Chad’s President Mahamat Idriss Deby has declared a state of emergency over flooding that is affecting more than a million people in the country.
Floods are not uncommon during Chad’s rainy season, which usually runs from May to October in its southern regions. But this year, the rains came early and were the heaviest in decades.
“Starting now, a state of emergency will be instituted to better contain and manage this natural disaster,” said Deby in a televised address to the nation on Wednesday.
The flooding has affected 636 localities in 18 out of 23 provinces in the country, he added. The worst affected are the southern provinces of Mayo Kebbi Est, Logone Occidental, Tandjile, Moyen-Chari and Mandoul.
The floodwaters have “swallowed up more than 465,000 hectares [1.15 million acres] of fields and 19,000 heads of livestock,” Deby said.
N’Djamena, the capital, has not been spared either – hundreds of people there have fled their homes due to flooding in the last few days.

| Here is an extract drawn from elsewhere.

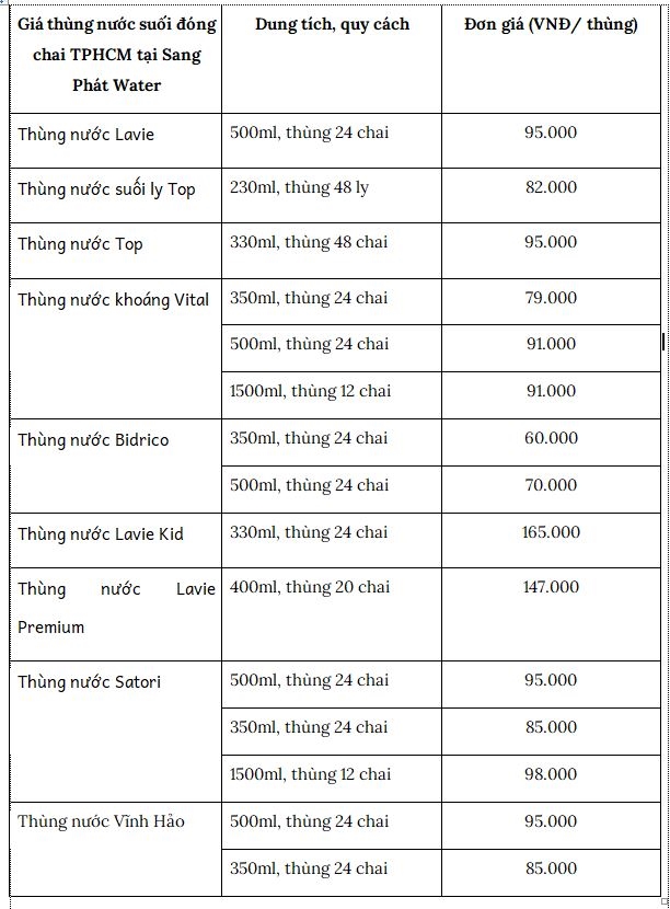 Giá nước suối đóng chai tùy thuộc vào nhiều yếu tố: thương hiệu, dung tích chai nước, đại lý phân phối,... Dưới đây là bảng giá thùng nước suối đóng chai mới nhất tại TPHCM, bạn có thể tham khảo:
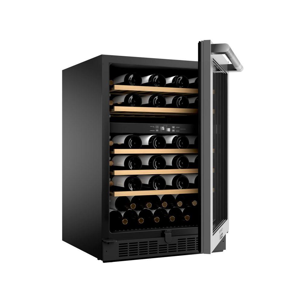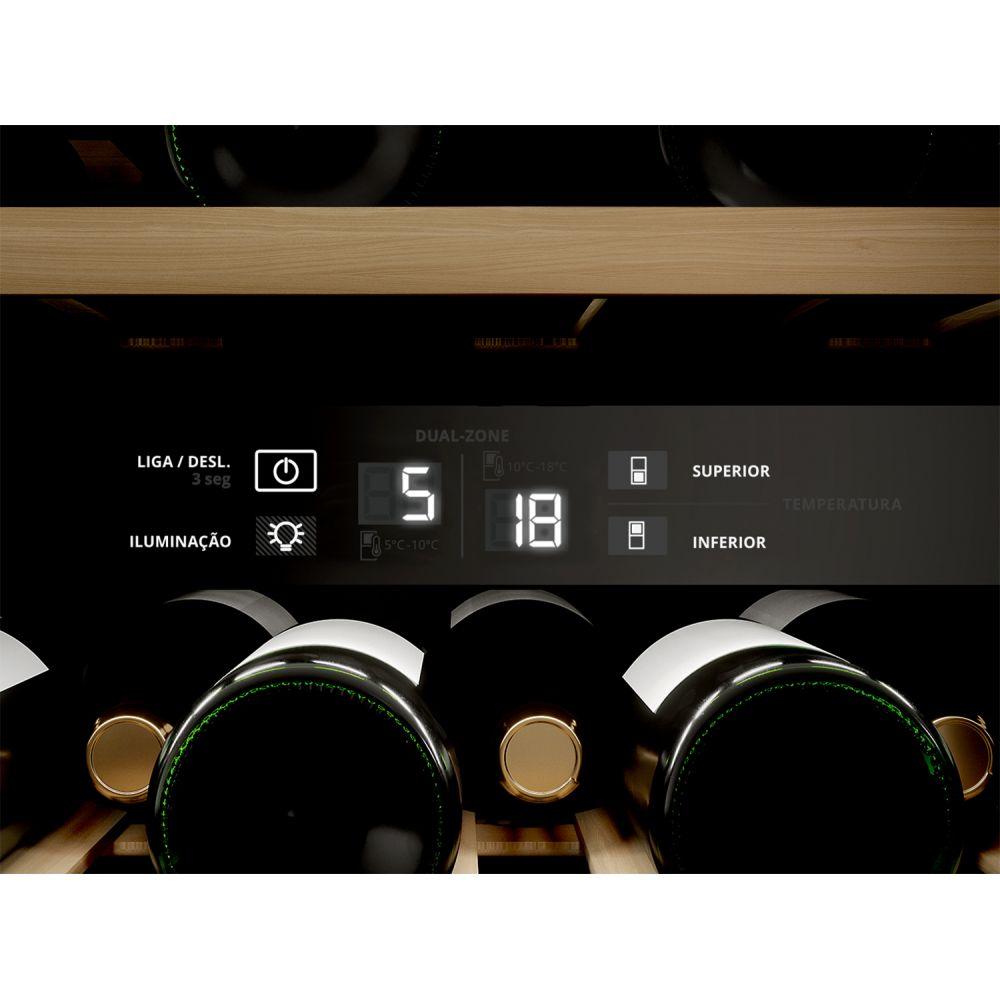 Adega Climatizada Gourmand Brastemp Dual Zone 51 Garrafas 110V BZB51AEANAA Adega Brastemp Gourmand BZB51AE com capacidade para 51 garrafas possui a tecnologia Dual Zone, dois compartimentos com controle de temperatura independentes. Conta também com Painel Eletrônico Touch, prateleiras de madeira, puxador metálico e portas de vidro triplo. Dual Zone são dois compartimentos destintos com controle de temperatura independentes para armazenar diferentes tipos de vinho ao mesmo tempo. Com o painel eletrônico touch você pode programar e visualizar a temperatura dos dois compartimentos independentes da adega, além de controlar a iluminação interna.Suas prateleira em madeira são mais resistentes ás vibrações que interferem na conservação do vinho.Seu puxador horizontal Gourmand feito em aço trazendo maior sofisticação e beleza ao produto!Especificações TécnicasDimensões aprox. do Produto: Largura: 60,5 x Altura: 87,5 x Profundidade: 66,7 cmDim. nicho embutir (L x A x P) cm: 80,5 x 93,00 x 74,03Cor: InoxPeso (kg): 56,00Capacidade: Acima de 48 garrafasCapacidade Total (Litros): 152Dual Zone: SimClimatizada: SimCapacidade de Garrafas: 51Material da Porta: Porta em vidro e aço inoxMaterial Prateleiras: Prateleiras em madeiraDisplay Eletrônico: SimQuantidade de portas: 01Quantidade de Prateleiras: 05Luz interna: SimLuz com LEDs: SimControle de temperatura eletrônico: SimPés Niveladores: SimIndicador de porta aberta: NãoPode ser embutida: SimVoltagem: 110VGarantia: 1 anoMarca: Brastemp Ref: BZB51AEANA

The government has put in place a response plan to provide shelter, food and sanitation, Deby said.

Chad has two main rivers, the Chari and Logone, which flow through its southern provinces and empty into Lake Chad, at the border area with Niger, Nigeria and Cameroon.
This year the lake was fed early on by other tributaries and its water level became higher than that of the two rivers, causing them to flow instead into surrounding towns and villages, said Hamid Abakar Souleymane, a hydrologist at Chad’s National Meteorological Agency.
“You will have noticed that all the countries which share Lake Chad are also flooded and the phenomenon will continue until the end of the year,” he said.
The United Nations says 5.5 million Chadians need “emergency humanitarian aid”, while the World Bank says 42 percent of the 16 million population lives in poverty.
“We have to provide shelter, basic necessities and health protection,” Deby said.